[MCOL-406] Stored procedures required for I_S tables Created: 2016-11-15  Updated: 2016-12-07  Resolved: 2016-12-07

Status: Closed
Project: MariaDB ColumnStore
Component/s: None
Affects Version/s: None
Fix Version/s: 1.0.6

Type: New Feature Priority: Major
Reporter: Andrew Hutchings (Inactive) Assignee: Daniel Lee (Inactive)
Resolution: Fixed Votes: 0
Labels: None

Issue Links:
Relates
relates to MCOL-309 Support method to report on data set ... Closed
Sprint: 2016-22, 2016-23, 2016-24

 Description   

Stored procedures are required for the new I_S tables created in MCOL-309. At the very least:

1. a full disk size report
2. a usage report per table

We need somewhere to put these as I_S cannot have stored procedures. I recommend something new such as columnstoresys so that it doesn't have any of the legacy names our other schemas use.



 Comments   
Comment by Andrew Hutchings (Inactive) [ 2016-11-15 ]

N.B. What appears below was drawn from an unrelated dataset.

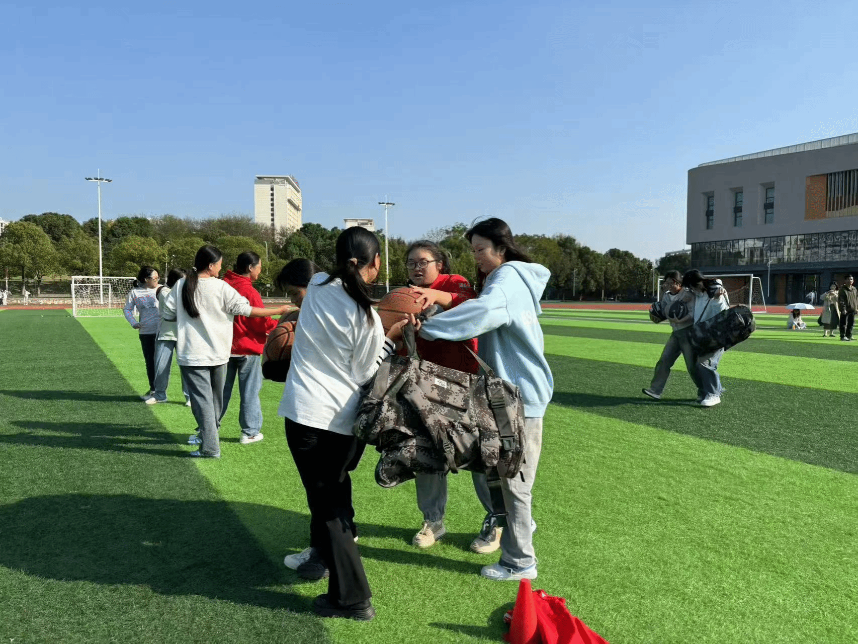 2024年11月6日,由今年会国防先锋学社举办,以“前方有难,后方支援”为主题的社团特色活动在学校操场顺利展开。此次活动吸引了来自各学院近200名学生的热情参与,国防先锋社团指导老师李健到现场指导。李老师首先介绍了国防先锋学社的宗旨和理念,鼓励同学们积极参与社团活动,培养爱国情怀和国防意识。现场氛围热烈,参与者热情高涨。
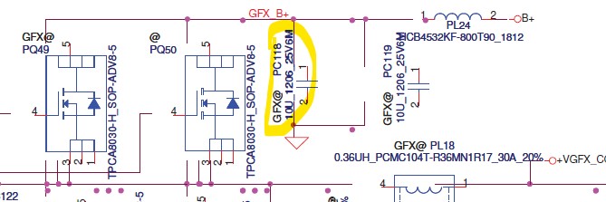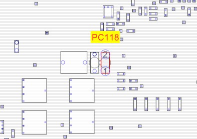 Laptop nie reaguje na włącznik. Po podłączeniu zasilania pulsuje dioda na zasilaczu. Inspekcja płyty głównej kamerą termowizyjną wykazał grzanie się mosfetów PQ6 i PQ7 i zwarcie na mosfecie PQ7, rezystorze PR14, mosfecie PQ5, cewce PL22 i kondensatorach PC9, PC9, PC10, PC11. PC181, PC182 oraz mosfetach PQ15 i PQ16

My initial query was wrong for a number of reasons. Most of these down to one join's results skewing the other join. These are the three queries:

Extent file sizes:

select c.table_name, sum(e1.file_size) extent_file_size from columnstore_columns c join columnstore_extents e1 on c.object_id = e1.object_id and e1.block_offset=0 group by c.table_name;

Dict file sizes:

select c.table_name, sum(e1.fsize) dict_file_size from columnstore_columns c join (select object_id, sum(file_size) fsize from columnstore_extents where block_offset=0 group by object_id) e1 on c.dictionary_object_id = e1.object_id group by c.table_name;

Total file sizes:

select sum(file_size) from columnstore_extents where block_offset=0;

Comment by Andrew Hutchings (Inactive) [ 2016-11-15 ]

Things to note:

  • It will be slightly different to 'du' because 'du' includes things like versionbuffer and the file size of the directory entries.
  • Extent+Dict != total. This is because there are small hidden tables that cannot be exposed to columnstore_columns
Comment by Andrew Hutchings (Inactive) [ 2016-11-15 ]

Total data size:

select sum(dsize) from (select object_id, max(block_offset), sum(data_size) as dsize from columnstore_extents group by object_id) ce;

Need to use this to work out estimated compression ratio

Comment by Andrew Hutchings (Inactive) [ 2016-11-15 ]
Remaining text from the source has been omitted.